Além disso, vivia-se um novo momento em que era necessário impor
limites à ilegalidade praticada de uma forma ou de outra nas várias camadas
sociais.
Sob a bandeira do respeito à “humanidade” do criminoso, escondia-
se o verdadeiro cerne da mudança: a necessidade de uma política repressora
em relação às ilegalidades que eram cometidas cotidianamente pela
sociedade, principalmente, a recusa em pagar impostos, o contrabando, a não
adesão aos regulamentos das fábricas. (FOUCAULT, 2014, p. 83).
O afrouxamento da severidade penal no decorrer dos últimosséculos
é um fenômeno bem conhecido dos historiadores do direito.
Entretanto, foi visto, durante muito tempo, de forma geral, como se
fosse um fenômeno quantitativo: menos sofrimento, mais suavidade,
mais respeito e “humanidade”. Na verdade, tais modificações se
fazem concomitantes ao deslocamento do objeto da ação punitiva.
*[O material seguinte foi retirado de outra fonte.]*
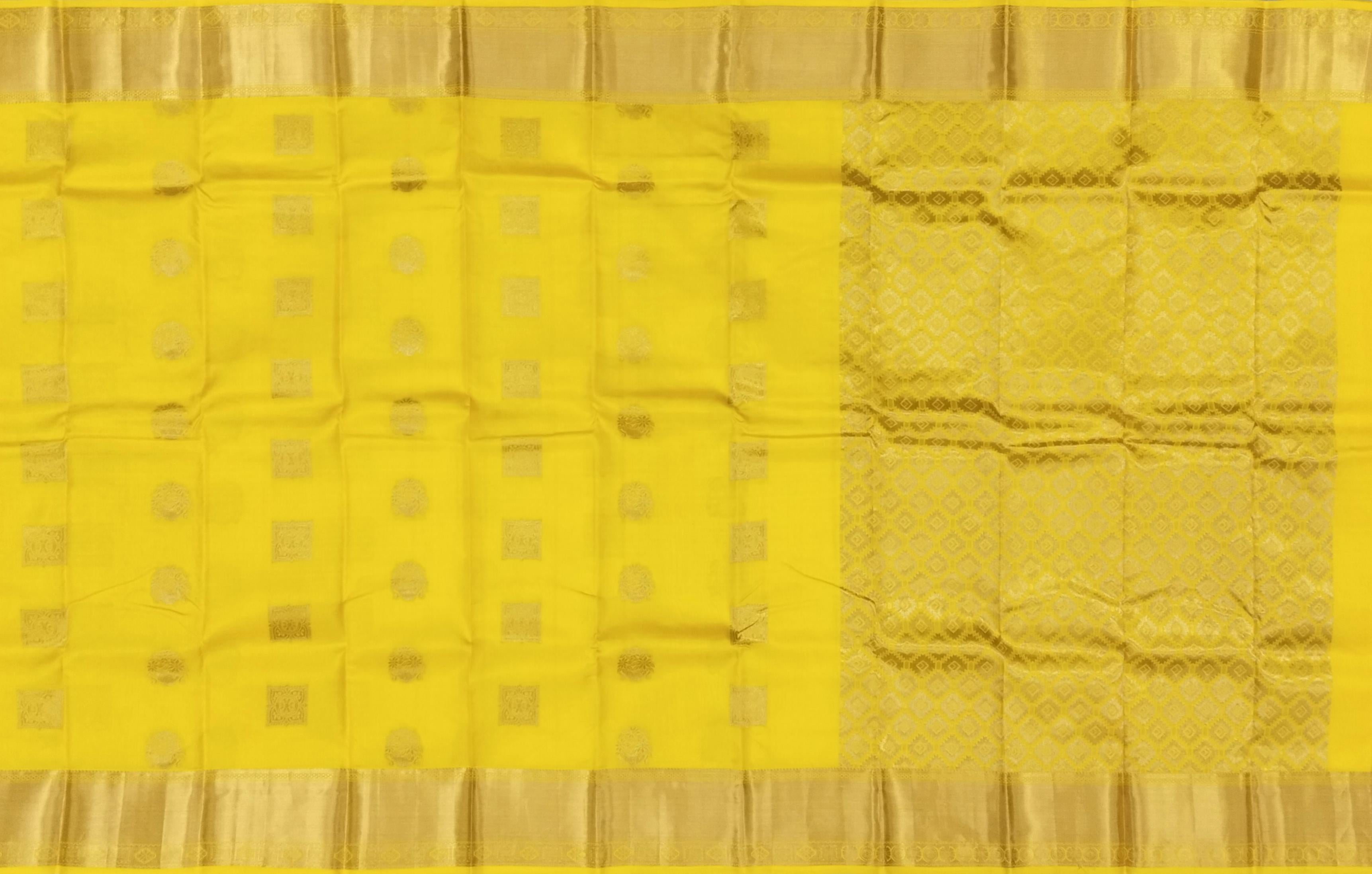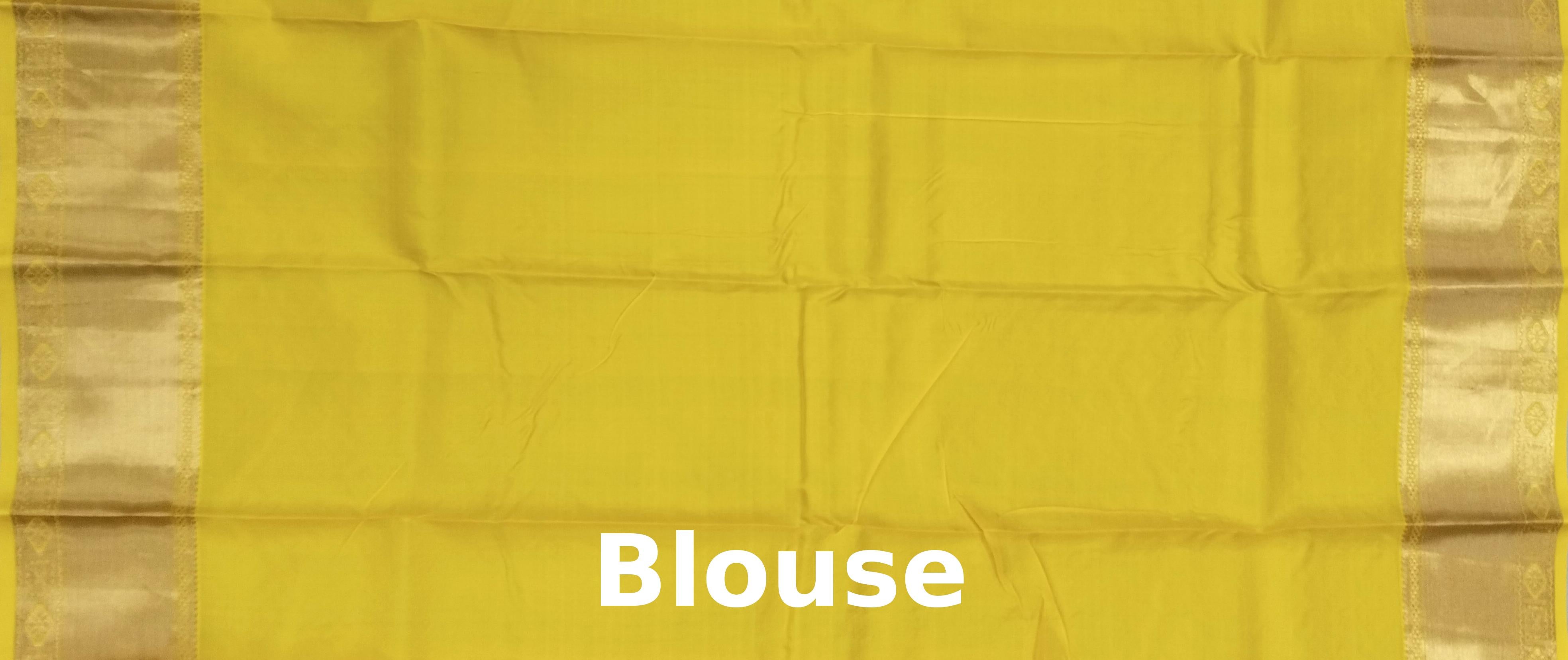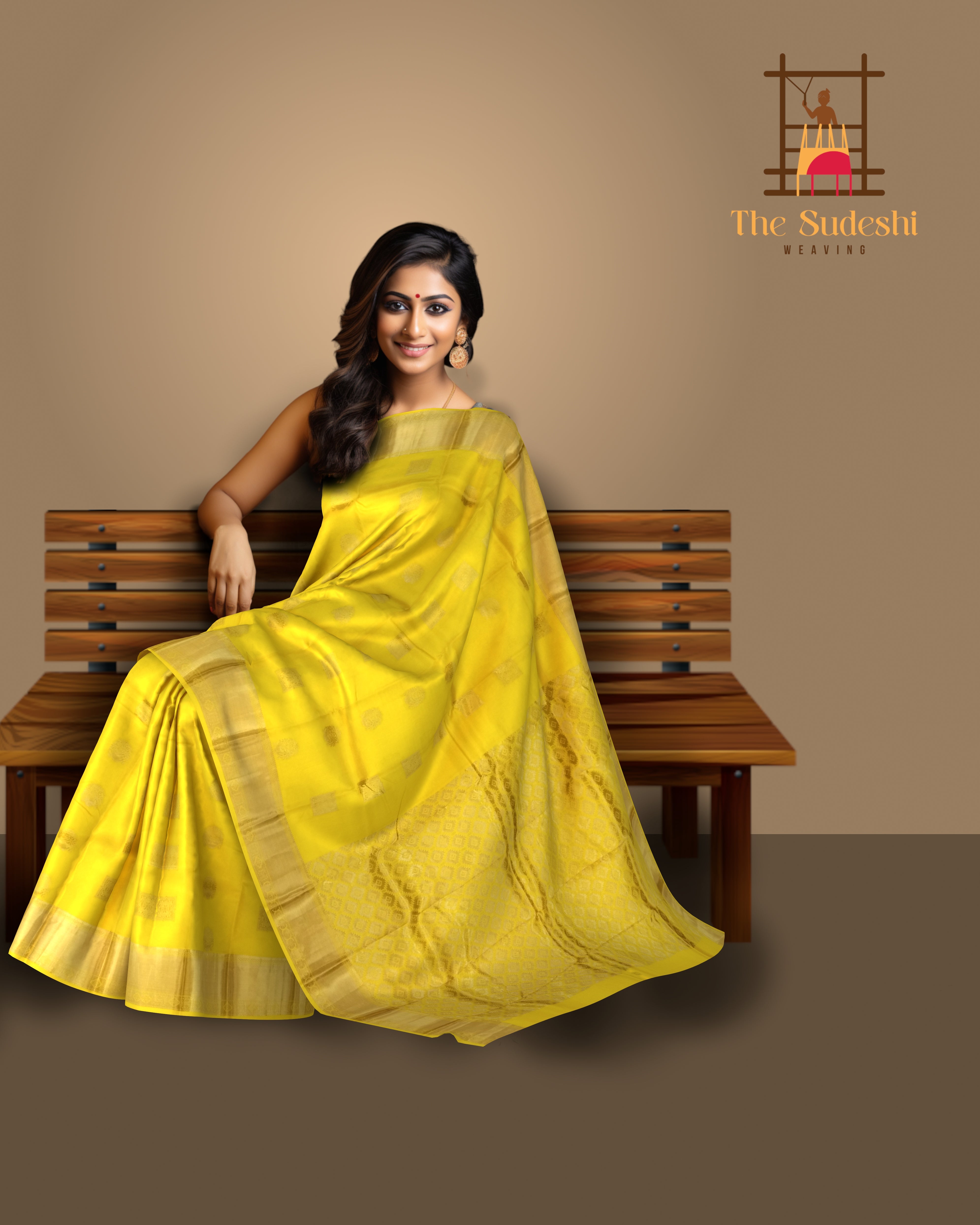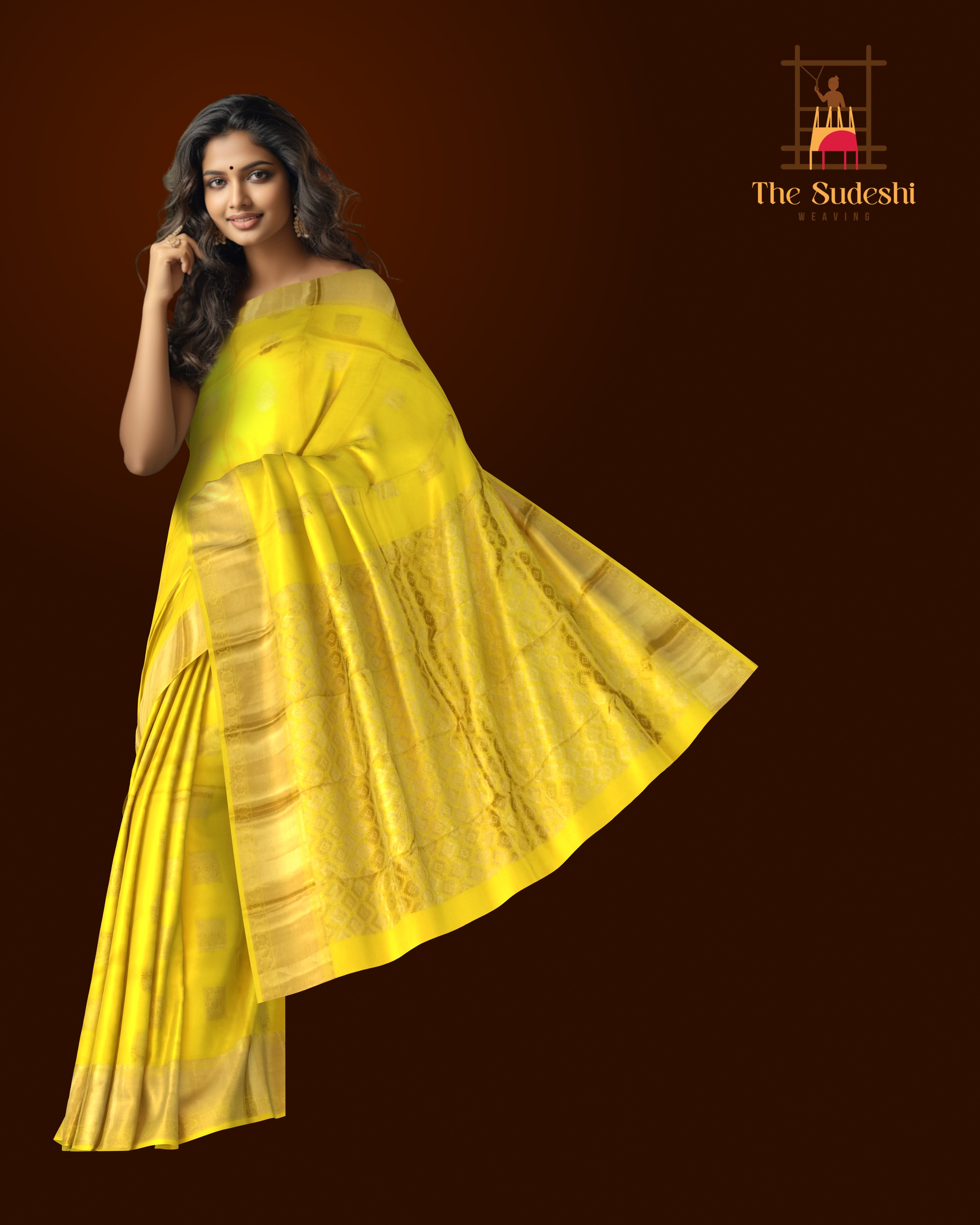 In the legacy of Kanchipuram silk weaving, yellow is often associated with joy, wisdom, and auspicious beginnings. The motifs woven across the saree carry deep symbolic value—often signifying nature, blessings, or divine protection. Every thread in this handwoven piece reflects the mastery of artisans who've preserved the purity of this craft over centuries.

Redução de intensidade? Talvez. Mudança de objetivo, certamente.
(FOUCAULT, 2014, p. 21)
Ou seja, a reforma estava baseada verdadeiramente na proteção à
economia e à necessidade de uma nova tecnologia do poder de punir e para
que tal ocorresse sem percalços era imperativo que ocorresse a adesão da
sociedade através de um pacto - teoria geral do contrato social, onde a
sociedade, vista como um organismo social, demanda a existência de ordem,
de regras; a consciência coletiva, isto é, comum a toda a sociedade, exige o
resgate da moral cindida. 
Dessa forma, 
Supõe-se que o cidadão tenha aceito de uma vez por todas, com as
leis da sociedade, também aquela que poderá puní-lo. O criminoso
aparece então como um ser juridicamente paradoxal. Ele rompeu o
pacto, é portanto inimigo da sociedade inteira, mas participa da
punição que se exerce sobre ele. O menor crime ataca toda a
sociedade; e toda a sociedade – inclusive o criminoso – está presente
na menor punição. (FOUCAULT, 2014, p. 88)
 
Segundo Michel Foucault (2014), a punição deverá corresponder
aos seus efeitos, isto é, a pena deve ser tão relevante quanto o crime praticado
e suas consequências e, além disso, seus efeitos deverão incutir no espírito
dos indivíduos o temor pela sua aplicação: “Encontrar para um crime o castigo
que convém é encontrar a desvantagem cuja ideia seja tal que torne
definitivamente sem atração a ideia de um delito”. (FOUCAULT, 2014, p. 102)
É portanto necessário controlar e codificar todas essas práticas
ilícitas. É preciso que as infrações sejam bem-definidas e punidas
com segurança, que nessa massa de irregularidades toleradas e
sancionadas de maneira descontínua com ostentação sem igual seja
determinado o que é infração intolerável, e que lhe seja infligido um
castigo de que ela não poderá escapar. (FOUCAULT, 2014, p. 86) 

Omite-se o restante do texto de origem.